El inmigrante proletario ha sido componente fundamental del incremento en el número de prisioneros en los Estados Unido$ en los últimos años. Debido a ello están sufriendo en sus propias carnes las tácticas de tortura que los Amerikanos utilizan contra sus propios ciudadanos. Un informe reciente muestra que la oficina de Inmigración y Aduanas de los EEUU tiene a más de 300 prisioneros en aislamiento en 50 de sus mayores cárceles, lo que supone un 85% de sus detenidos. La mitad son mantenidos en aislamiento durante 15 o más días y cerca de 35 de los 300 llegan a permanecer en esas condiciones más de 75 días(1).

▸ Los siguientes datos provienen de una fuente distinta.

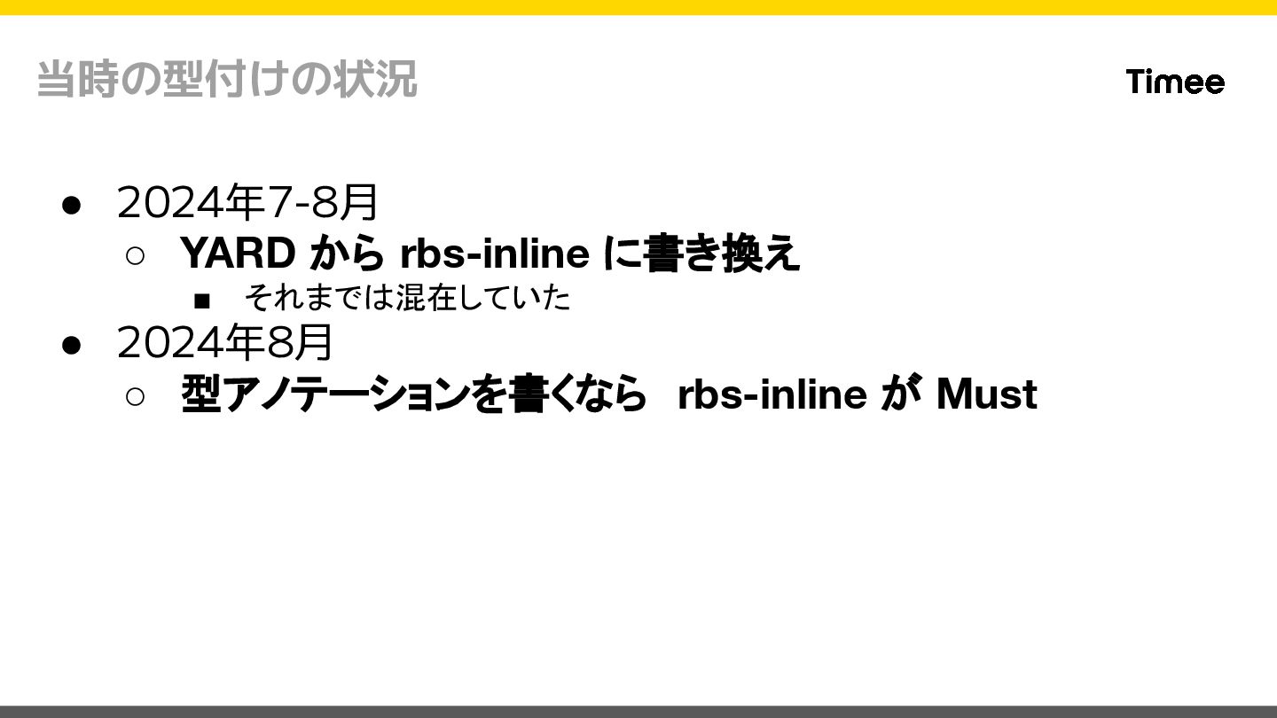 2024年8月 ◦ 型アノテーションを書くなら rbs-inline が Must 当時の型付けの状況
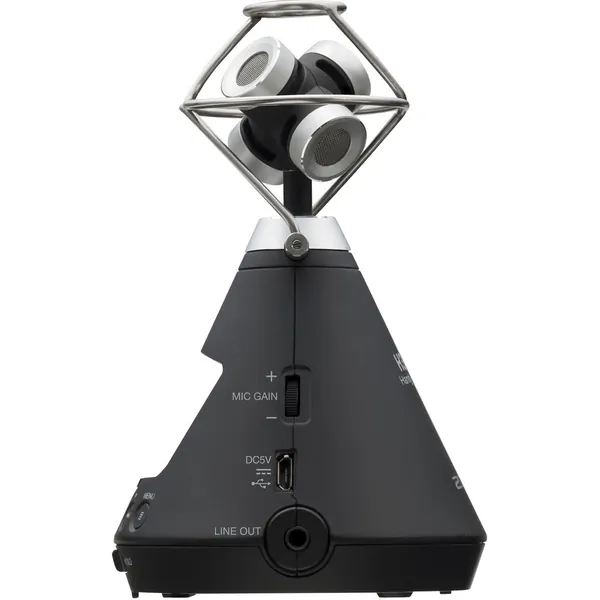 The unified single-knob gain control, LCD screen, and transport/menu buttons deliver easy and efficient device configuration and operation. Remote access to transport controls, levels, and metadata is possible via the iOS H3-VR Control app and optional BTA-1 Bluetooth adapter. An integrated 6-axis motion sensor is utilized to provide automatic detection of the microphone position, which ensures proper audio-to-video orientation alignment and simple angle leveling. Dual 3.5mm outputs with independent level control enable simultaneous connection to headphones and a camera. Record to a microSD/microSDHC/microSDXC card (available separately), or stream audio via USB to a computer or iOS device. The built-in slate function can be used to verbally mark takes and manually align audio and video files.
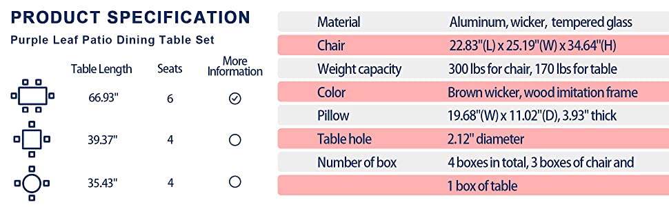 - Purple Leaf patio dining set offers you a great experience in dining time or in conversation.

Aunque estas condenas son relativamente cortas comparadas con las que ya se consideran habituales en los Estados Unido$, las experiencias vividas en ellas son particularmente difíciles para el inmigrante que no habla ingles y han sido víctima del trafico de seres humanos.

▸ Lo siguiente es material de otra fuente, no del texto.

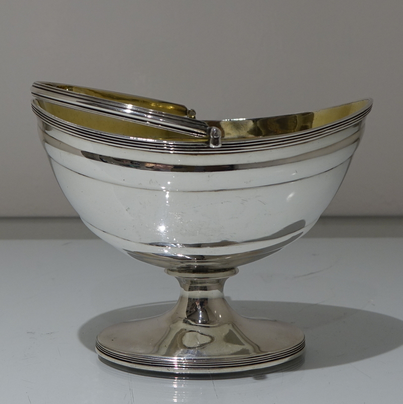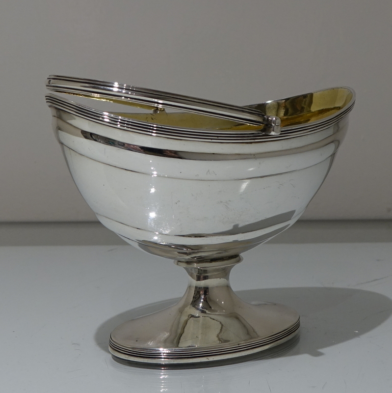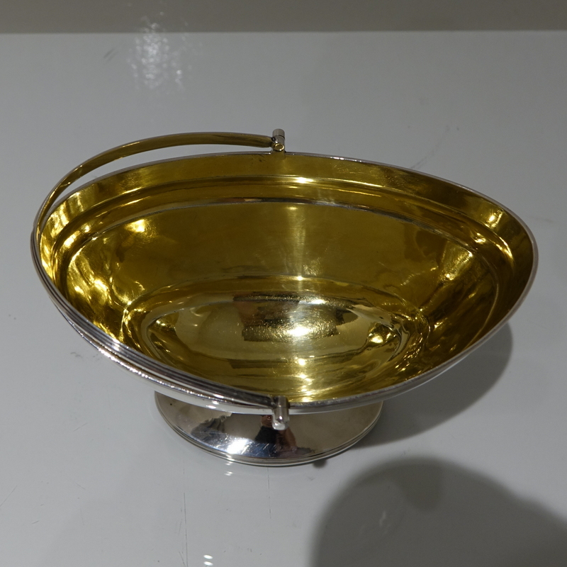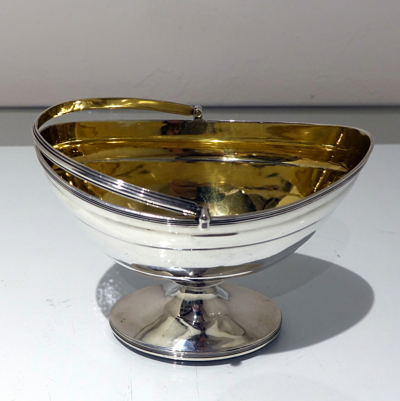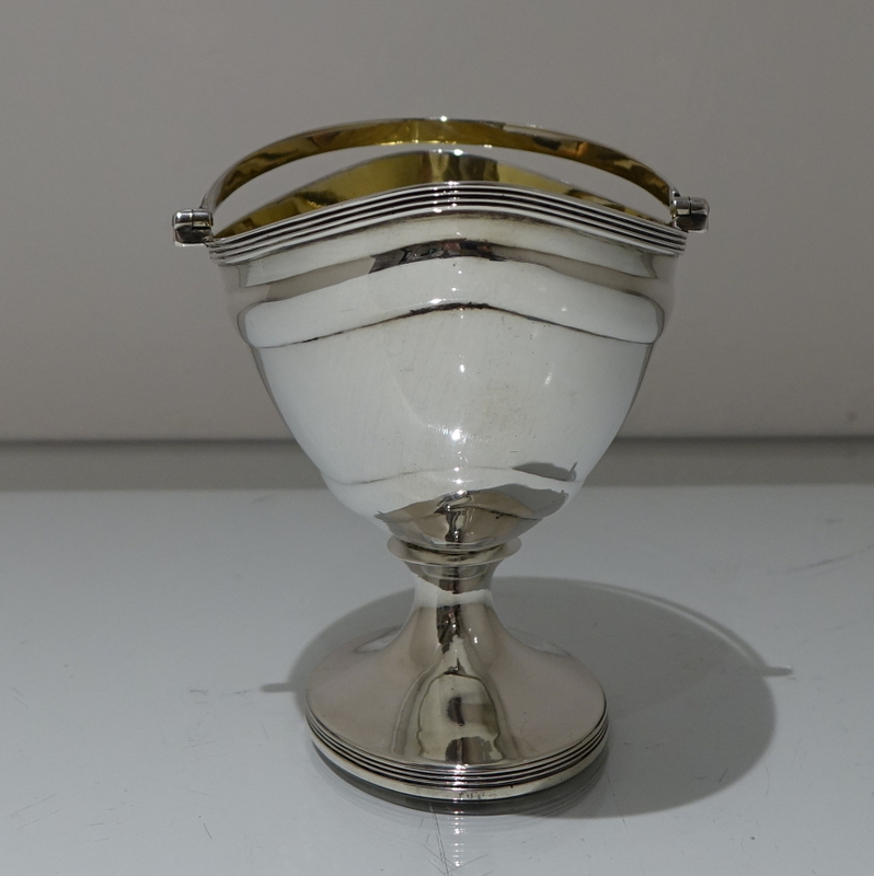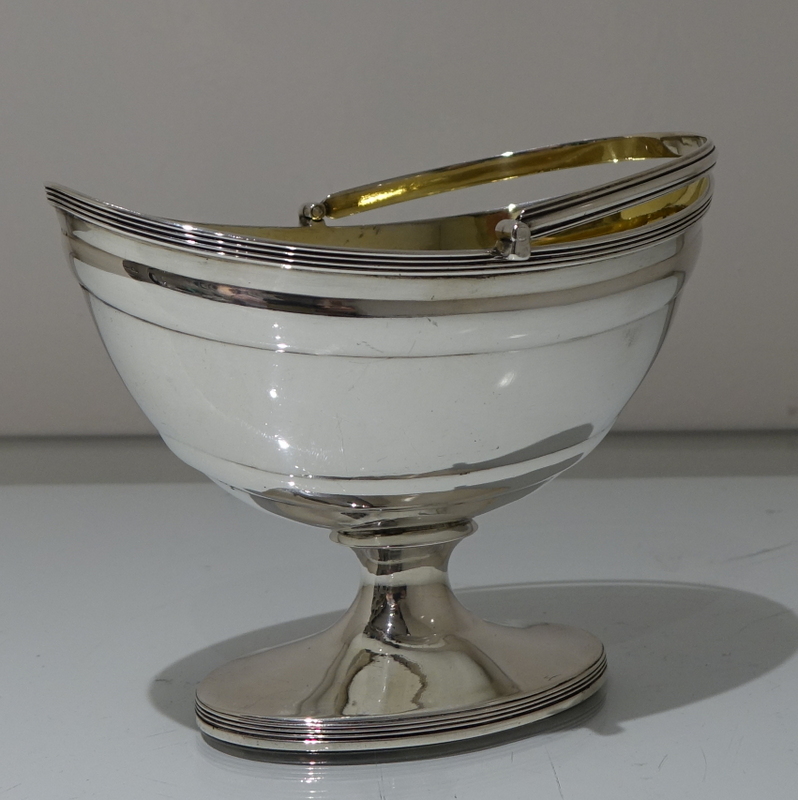 A stylish swing handled oval sugar basket decorated with applied upper and lower reed borders. Â The inside of the bowl has been gilded for decorative highlights.

Los autores del articulo citado anteriormente relatan con tono cauteloso que los Estados Unido$ usan el aislamiento más “que cualquier otra nación democrática en el mundo.” Esto solo indica que es posible que otros países utilicen el aislamiento todavía más. Una de las razones por las que no pueden obtener estadísticas sobre las prácticas carcelarias de algunos países es que éstos son regímenes títeres de los Estados Unido$ que se administran de una forma intencionadamente opaca para permitir formas extremas de opresión contra los pueblos oprimidos. No hemos podido encontrar pruebas de una nación mitológica que torture en confinamiento solitario a más gente que Amerika.

Los Amerikanos encarcelan a más gente que ninguna otra nación incluso excluyendo a aquellos que mantienen en prisiones de terceros países. Con al menos 100,000 personas en aislamiento de larga duración dentro de las fronteras de los EEUU, parece altamente improbable que ningún país pueda superar sus números. Podemos encontrar más pruebas si observamos el estado de las prisiones en la mayoría de los países del tercer mundo, las cuales son más transparentes con su información que cualquier prisión de baja seguridad en los Estados Unido$. Las excepciones a esta regla siempre son los países con gran actividad militar o de inteligencia Amerikana, donde normalmente son los propios Amerikanos los que gestionan las prisiones.(3)

El ciudadano de los EEUU Shane Bauer fue encarcelado con cargos de espionaje por el gobierno de Irán, el cual es independiente de los Estados Unido$. Bauer nos ofrece ejemplos de como sus condiciones en aislamiento se distinguen en lo positivo y en lo negativo de las de aquellos encarcelados en Pelican Bay SHU en California. Lo más llamativo es el tiempo total pasado en aislamiento, que en su caso fue de sólo cuatro meses. Comparándolo con el “democrático” sistema de injusticia de los EEUU, Bauer escribe sobre Iran: “Cuando Josh Fattal y yo finalmente nos presentamos ante la corte revolucionaria de Irán, teníamos un abogado presente, pero no se nos permitió hablar con el. En California un reo que se enfrente a la peor condena posible, con excepción de la de muerte, no puede tener a su abogado en la
sala. No se le permite acumular o presentar evidencias para su defensa. No puede llamar a testigos. Muchas de las pruebas, recabadas por informantes, son confidenciales y por lo tanto imposibles de refutar. Eso fue lo que el Juez Salvati nos dijo después de que la persecución soltase su discurso acerca de nuestro papel en la vasta conspiración Americano-Israelí: había montones de pruebas, pero ni nosotros ni nuestro abogado podíamos verlas.”(2)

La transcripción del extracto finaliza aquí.